1/3 cup maraschino cherries, chopped
1/2 cup butter or margarine
2 package 3 1/4- or 3 5/8-ounce regular coconut cream pudding mix
1/2 cup milk
1/2 teaspoon vanilla
1 pound sifted powdered sugar (about 4 1/2 cups)
1/2 cup chopped walnuts

Steps:

  • Drain maraschino cherries on paper toweling.
  • In saucepan, melt butter or margarine. Stir in dry pudding mixes and milk. Cook aand stir till mixture comes to boiling; boil for 1 minute, stirring constantly. Remove from heat.
  • Stir in vanilla; beat in powdered sugar till smooth. Stir in walnuts and cherries. Pour into buttered 10x6x2-inch baking dish. Garnish with walnut halves, if desired.
  • Chill before cutting.

Tips:

  • Prepare your ingredients and tools in advance: This will help you stay organized and ensure that you have everything you need before you start cooking.
  • Use a heavy-bottomed saucepan: This will help to prevent the fudge from scorching.
  • Stir constantly: This will help to prevent the fudge from sticking to the bottom of the pan and burning.
  • Be patient: Fudge takes time to set.

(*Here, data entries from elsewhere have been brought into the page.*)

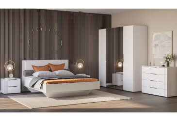 - 160х200, MiroMark, ламінована ДСП, ламінована ДСП, телескопічні напрямні повного висуву, петлі з дотягувачами, сучасний, білий, з чотиридверною шафою.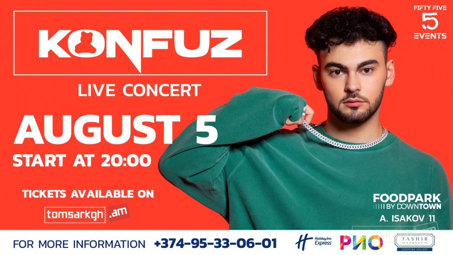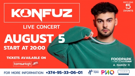 KONFUZ-ի բացառիկ համերգը FoodPark by DownTown-ի բացօթյա տանիքում: Օգոստոսի 5–ին , 20:00–ին հանդիպում ենք FoodPark by DownTown–ի տանիքում, լսելու և վայելելու KONFUZ-ի հիթային կատարումները, ինչպիսինն են ՝ Кайф ты поймала, Ратата, Война, Ранила меня և այլն: Շտապիր ձեռք բերել քո տոմսը: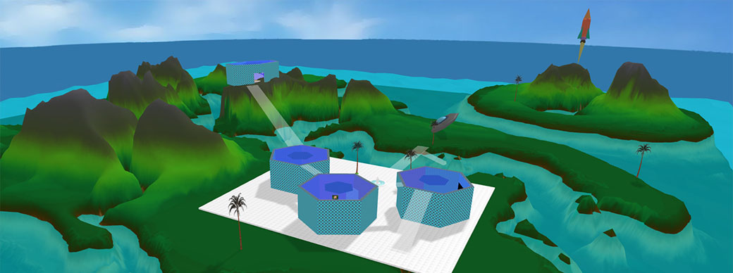 Open Simulator could be hosted on a colaborative server composite virtual world platform called OSGrid. While running my server, one hacker decided to change the water level of the ocean before I had locked down those controls, and flooded the entire island in 50 feet of water. That and other inappropriate content created by other visitors made me create a set of rules governing what could be done in the virtual space.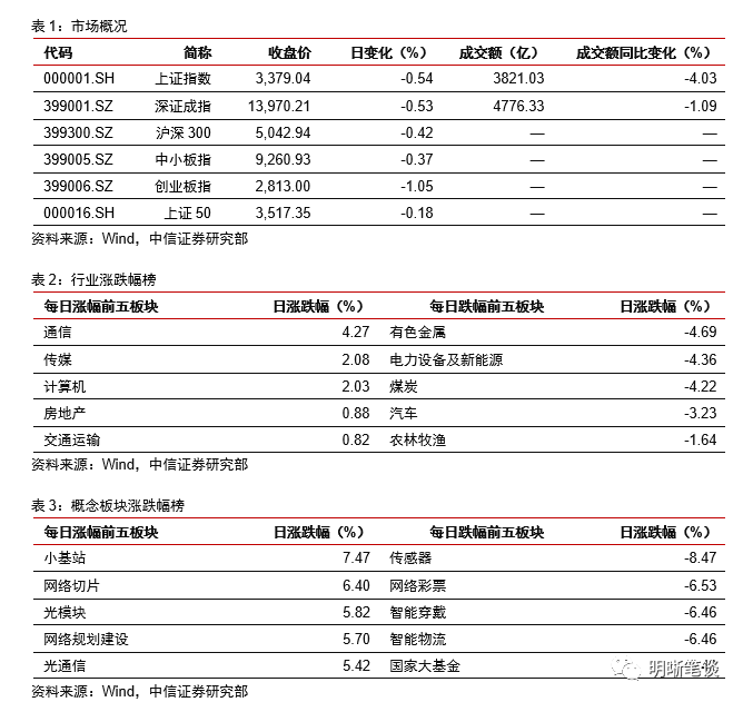 2020年12月29日,银存间质押式回购加权利率大体上行,隔夜、7天、14天、21天和1个月分别变动了-3.4bps、15.5bps、2.11bps、20.45bps和0.93bps至0.61%、2.23%、2.87%、3.03%和3.05%。国债到期收益率全面下行,1年、3年、5年、10年分别变动-1.85bps、-0.47bps、-0.74bps、-0.75bps至2.55%、2.85%、2.99%、3.16%。上证综指下跌0.54%至3379.04,深证成指下跌0.53%至13970.21,创业板指下跌1.05%至2813.00。

Don't be tempted to rush the process, or you'll end up with a grainy or crumbly fudge.
  • Use a candy thermometer: This is the best way to ensure that the fudge reaches the correct temperature.
  • Don't overcook the fudge: Overcooked fudge will be hard and brittle.

Conclusion:

Fudge is a delicious and versatile treat that can be enjoyed by people of all ages. With a little bit of planning and effort, you can easily make your own fudge at home. Just be sure to follow the tips above, and you'll be sure to end up with a perfect batch of fudge.